Telefona sarıldım. Karşıma Şekibe Hanım çıktı. Konuyu anlattım. Soru hoşuna gitmemişti. Belli
ki TİP içerisinde yaşanan değişimlerde hem kendisinin hem de Halit Bey’in aktif rolü olmuştu. Halit
Çelenk ile konuşup aynı soruları ona yöneltmek istedim. “Halit müsait değil Mümtaz,” dedi.

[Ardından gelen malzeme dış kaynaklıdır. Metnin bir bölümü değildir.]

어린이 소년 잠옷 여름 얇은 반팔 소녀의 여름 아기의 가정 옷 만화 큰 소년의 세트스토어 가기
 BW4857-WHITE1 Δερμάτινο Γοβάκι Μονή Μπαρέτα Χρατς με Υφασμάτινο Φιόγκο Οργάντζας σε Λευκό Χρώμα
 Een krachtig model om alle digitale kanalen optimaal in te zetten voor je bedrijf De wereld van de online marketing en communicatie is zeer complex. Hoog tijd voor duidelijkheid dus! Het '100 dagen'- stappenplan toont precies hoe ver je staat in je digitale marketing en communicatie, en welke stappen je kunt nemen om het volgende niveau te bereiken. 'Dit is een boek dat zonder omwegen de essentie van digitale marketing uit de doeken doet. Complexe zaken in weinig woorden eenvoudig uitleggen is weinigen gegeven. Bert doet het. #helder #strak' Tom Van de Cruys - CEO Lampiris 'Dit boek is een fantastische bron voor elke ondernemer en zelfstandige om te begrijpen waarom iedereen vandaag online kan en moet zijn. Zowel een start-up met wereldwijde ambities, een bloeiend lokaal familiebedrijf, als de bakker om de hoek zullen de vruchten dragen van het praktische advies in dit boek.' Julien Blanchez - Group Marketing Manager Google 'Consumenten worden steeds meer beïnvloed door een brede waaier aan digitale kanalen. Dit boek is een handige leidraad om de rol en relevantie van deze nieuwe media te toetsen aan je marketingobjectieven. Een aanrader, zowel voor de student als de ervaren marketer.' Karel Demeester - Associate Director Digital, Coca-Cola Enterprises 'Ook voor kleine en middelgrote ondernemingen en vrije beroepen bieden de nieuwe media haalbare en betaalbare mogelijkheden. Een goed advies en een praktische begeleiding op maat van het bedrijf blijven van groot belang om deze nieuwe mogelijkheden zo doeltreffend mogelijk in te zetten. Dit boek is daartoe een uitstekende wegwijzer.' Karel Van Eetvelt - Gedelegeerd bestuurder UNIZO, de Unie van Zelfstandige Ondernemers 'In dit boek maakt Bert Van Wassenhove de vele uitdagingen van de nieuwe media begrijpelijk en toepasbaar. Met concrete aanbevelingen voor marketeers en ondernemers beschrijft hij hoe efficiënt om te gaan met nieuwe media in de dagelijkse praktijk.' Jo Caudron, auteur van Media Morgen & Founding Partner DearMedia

Bindim bir taksiye, doğru Halit Çelenk’in evine gittim. Kapıyı Şekibe Hanım açtı yine. Niye
geldiğimi de anlamıştı. “Mümtaz,” dedi. “Halit ile bu konuyu konuşmanı istemiyorum. Gerçekten
onu sarsan, üzen bir TİP tarihi var. Mücadelelerinde hep dürüst oldu Halit ve belki de bu yüzden de
çok şey kaybetti. Kaybettiklerini birbirine eklesek, uzun bir destan olur. Elbette bizim için onur
verici olaylar da yaşadık, ama hüznün ağır bastığı şeyler akılda kalıyor kimi zaman. Tıpkı Denizlerin
ölümü gibi...”
Çaresiz soruyu yuttum ve Halit Çelenk’in yanına oturdum. Niye geldiğimi bilmediği için yine
biz felsefe ve tarih konuşmaya başladık. Bir ara, “Sadun Aren ile kaç kez dama oynadıysam, bir kez
bile yenemedim,” dedim. Sonra ekledim, “dama biliyor musunuz?”

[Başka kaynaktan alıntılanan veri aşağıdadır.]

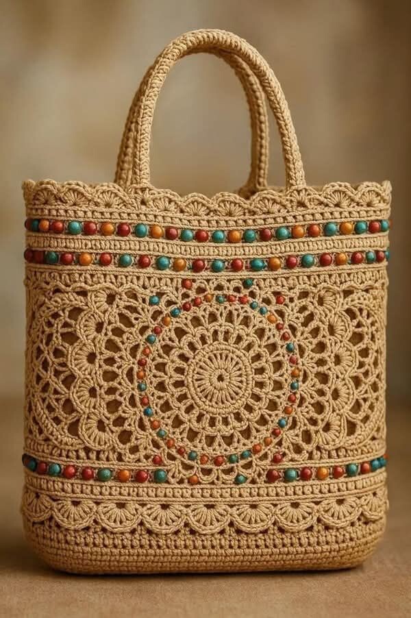 Думаю,я смогу её связать по фото, если кто-то захочет присоединиться, давайте вязать вместе... Следующая сумка, тоже найдена там же и так же связать её не составит большого труда. Похожа на сумку-торбочку... обожаю такие сумки, стильно, легко... повесил на плечо и руки свободны и вещи прибраны. Связана тоже по типу торбы из шестиугольных мотивов. Вяжется по кругу узором "ракушка" И опять же мой любимый БК (Бабушкин квадрат), эту сумочку я бы тоже связала, если рук добавить 😉🙂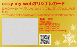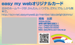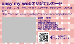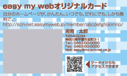 「my card」とは、easy my webで作ったホームページをより多くの人に見て貰えるように、名刺サイズのカードにホームページのタイトルやURL、さらには携帯で簡単にアクセスできるQRコードまで入れたオリジナルカードを印刷できるサービスです。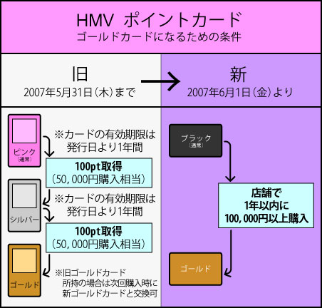▼過去記事:HMVのポイントカード、ゴールドへのノルマがアップ (同)
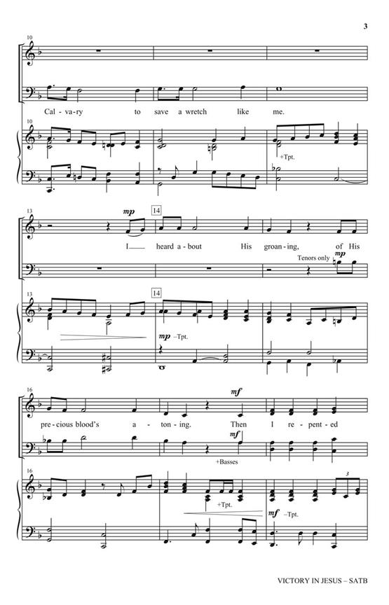 Utilisations : Général, Réveil, Carême Écritures : I Corinthiens 15:57, Romains 8:37, Romains 8:1, I Timothée 6:12 Un classique moderne de l’hymne est arrangé avec une touche respectueuse, l’élevant de nombreuses versions évangéliques et restaurant son esprit confiant. La partie de trompette brille de vie et l’accompagnement au piano est plein et presque orchestral dans son timbre. Une écriture solide en quatre parties renforce et ce message de confiance, d’assurance et de rédemption est approprié à tout moment. Toujours un favori de la congrégation !

“Sadun iyi oynar,” dedi. “Onun kafası daha mekanik çalışır. Sorunları daha kısa yoldan ve
çabuk çözer. Siyasal mezunu olmasına rağmen, matematik kafası daha iyidir. Damada onu yenmek
zor. Hiç kurnazlık falan denemedin değil mi? Onun kafası kurnazlıklara çalışmaz bir tek. Biliyor
musun Mümtaz, biz hiç kurnaz olamadık. Hep akıllı olmaya çalıştık, ama akıl kurnazlığın karşısında
çoğu kez çaresiz kalıyor. Bin yıllardır insanlar akıl kavramı üzerinde konuşuyor, tartışıyor ve ne
olduğunu felsefi bazda çözmeye çalışıyor, ama sokak tipi kurnazlık akıl filan dinlemiyor.”
Halit Çelenk gibi bir efsaneyle yakın dostluk kurmak elbette insanın “CV”sinde önemli yer
tutuyor. Çok sonraları, yani artık yaşlandığında da arada bir ziyaret ediyorduk. Eşim Aysun, onun göz
doktoruydu. Uzun yıllar da hep ilgilendi. Sonra bir sabah telefon geldi...

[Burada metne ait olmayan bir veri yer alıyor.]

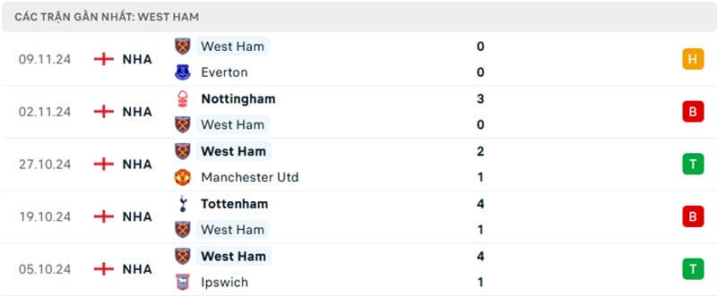 Về phía West Ham, đội bóng này đang trải qua giai đoạn khó khăn dưới thời HLV Julen Lopetegui. Đội bóng London chỉ giành được 1 chiến thắng trong 4 trận gần nhất tại Premier League và đặc biệt thi đấu kém cỏi trên sân khách. “Búa tạ” đã thua 3 trong 4 trận gần nhất phải làm khách, trong đó có hai thất bại liên tiếp trước Tottenham và Nottingham Forest với 7 bàn thua.
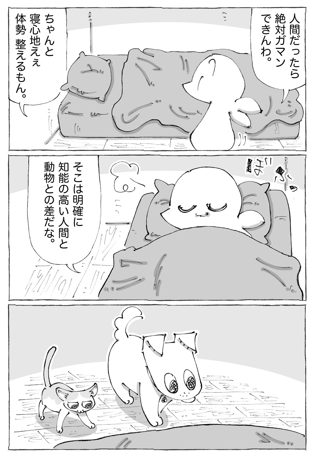 うちの犬のルカ。【84】 2026年02月08日 ●漫画はタップでくっきり見ていただけます☀︎翌朝至る所シビれ倒し☀︎●漫画はタップでくっきり見ていただけます☀︎ルカの本出とりますんでぜひぜひに☀︎🐶サンデーうぇぶりで毎週月曜更新中🐶 👇こちらもタップどうぞ👇 👇こちらもぜひです👇 👇読者登録して頂けるとありがたすぎます!👇最新刊が出たのでよろしければぜひ☀︎ 「ルカ」カテゴリの最新記事 タグ :#ルカ < 前の記事次の記事 > コメント コメント一覧 (7) 1. みー&たんじろうの母 2026年02月08日 21:15 わかります、わかります。 翌朝痺れ倒す感じが 猫が2匹、私の左右で寝てくれて、温かいのですが動くに動けない、寝返りができない でも、それも幸せです😊 0 五箇野人(ごかやじん) がしました 2. 通りすがりの旅人 2026年02月08日 21:17 ああ〰︎〰︎〰︎😭(浄化される音) もう三人まとめてきゃわわですわ! なおワイのイッヌ、抱っこしてて体勢気に入らんと降りていく… 自分の意思優先させててえらいね😉😂 0 五箇野人(ごかやじん) がしました 3. ミー太郎 2026年02月08日 21:33 わかるよ~~ ワンコもニャンコも息できるの?という体制で 寝てる時あるからねww 0 五箇野人(ごかやじん) がしました 4. 泥沼 2026年02月09日 10:47 ワンコはまだ理解出来る体勢で寝てるけど猫は 基本液体たので時々ビックリるる様な格好で寝てる。 0 五箇野人(ごかやじん) がしました 5. いぬちゃん 2026年02月09日 13:41 理解できない体勢で寝てることあるけど、最終的には ベッドとかソファとか人間よりもいい場所を陣取って ものすごい伸びて寝てる。。。🐶 0 五箇野人(ごかやじん) がしました 6. ななし 2026年02月09日 22:03 わかるわかる🤣家はちょっとでも動こうものなら苦情きます(ごくたまーーに飼い猫が布団に入ってくる) 0 五箇野人(ごかやじん) がしました 7. 🦍 2026年02月24日 03:14 嬉しそうに言ってない?♥️♥️🐶🐱♥️♥️ 0 五箇野人(ごかやじん) がしました コメントフォーム 名前 コメント 記事の評価 リセット リセット 顔 星 情報を記憶 コメントを投稿する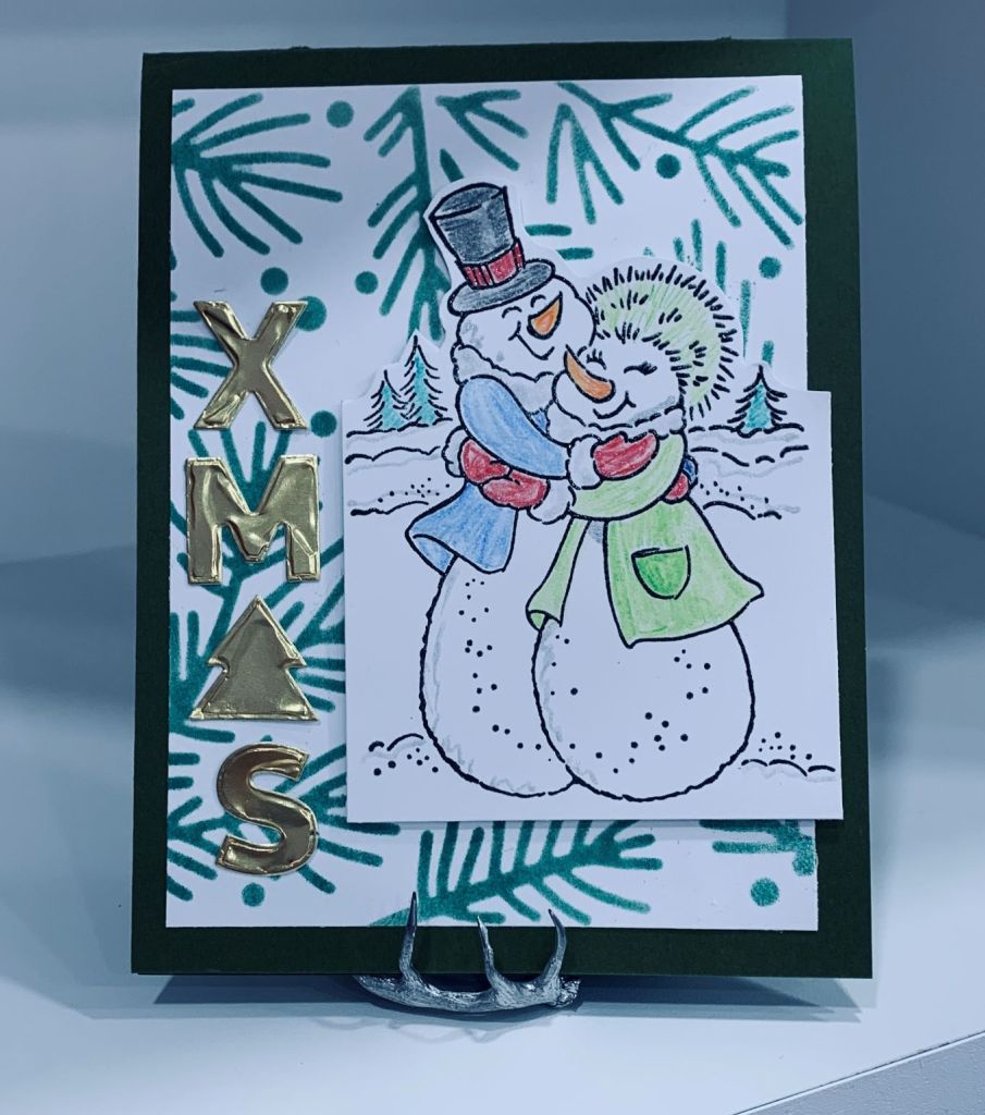 Considering that I wasn’t overwhelmed by my previous stenciling attempt I decided to try again and this one I quite like. Although it isn’t in Halloween colours it still works for the challenge and it also works for the Peace on Earth one as well. The background was stenciled in Pine Needles ink and used a stencil called pine leaves by Vicki Boutin. It is a larger size stencil so I have another small piece that can be used on a different card later. While it was drying I stamped the snow couple using a new Stampendous Cling rubber stamp and then I coloured them using Inktense pencils and a Sakura pen. The word was cut using a die set by MFT also new although purchased earlier in the year. It leaves a slightly puffy look to the letters which I quite like. The stenciled layer was offset very slightly on the card front and then I fussy cut the top of the stamped image before layering it on top with words added to the side. I’m much happier with this attempt and having it work for 2 challenges is a bonus. Hope you like it too.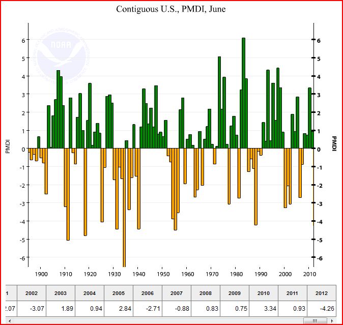 — Contiguous US Palmer Modified Drought Index (PMDI) for June 1895-2012 —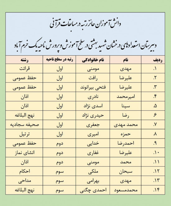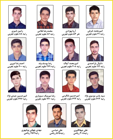 نفرات برتر کنکور دبیرستان استعدادهای درخشان شهید بهشتی خرم آباد

Şimdi, adnı hep duyduğum, ama tanışmamız çok geç olan büyük kızı Serpil Güvenç ile yakın
dostluğumuz var. Halit Çelenk’in anısına “Halit Çelenk Hukuk Ödülleri” düzenlemiş Serpil ile Kaya.
Ödülün amacı, yaşamda ve hukukta devrimci duruşun, adaletsizliğe karşı mücadelenin
simgelerinden olan Halit Çelenk’in hukuk mücadelesi ve eserleri doğrultusunda, toplumsal ilişkiler ile
hukuk arasında bağlantı kuran ‘yayın, tez veya diğer eserler’ üretilmesini teşvik etmek olarak
belirlenmiş.
Yarışmaya 1 Ocak 2012 ile 1 Ocak 2015 tarihleri arasında basılmış veya hazır durumdaki
eserlerle 1 Şubat 2015’e kadar başvurmak mümkün. Konu hukuk ile sınırlı da değil. Ödül töreni 5
Mayıs 2015 tarihinde yapılacak.
Seçici Kurul ise şu isimlerden oluşuyor: Prof.Dr. Rona Aybay, Prof.Dr. Korkut Boratav, Prof.Dr.
Ali Murat Özdemir, Ali Rıza Aydın, Serpil Çelenk Güvenç, Dr. İlker Kılıç, Av. Başar Yaltı, Av. Erşen
Sansal, Av. Barış Aybay, Av. Bilgütay Hakkı Duma, Av. Özlem Şen Abay.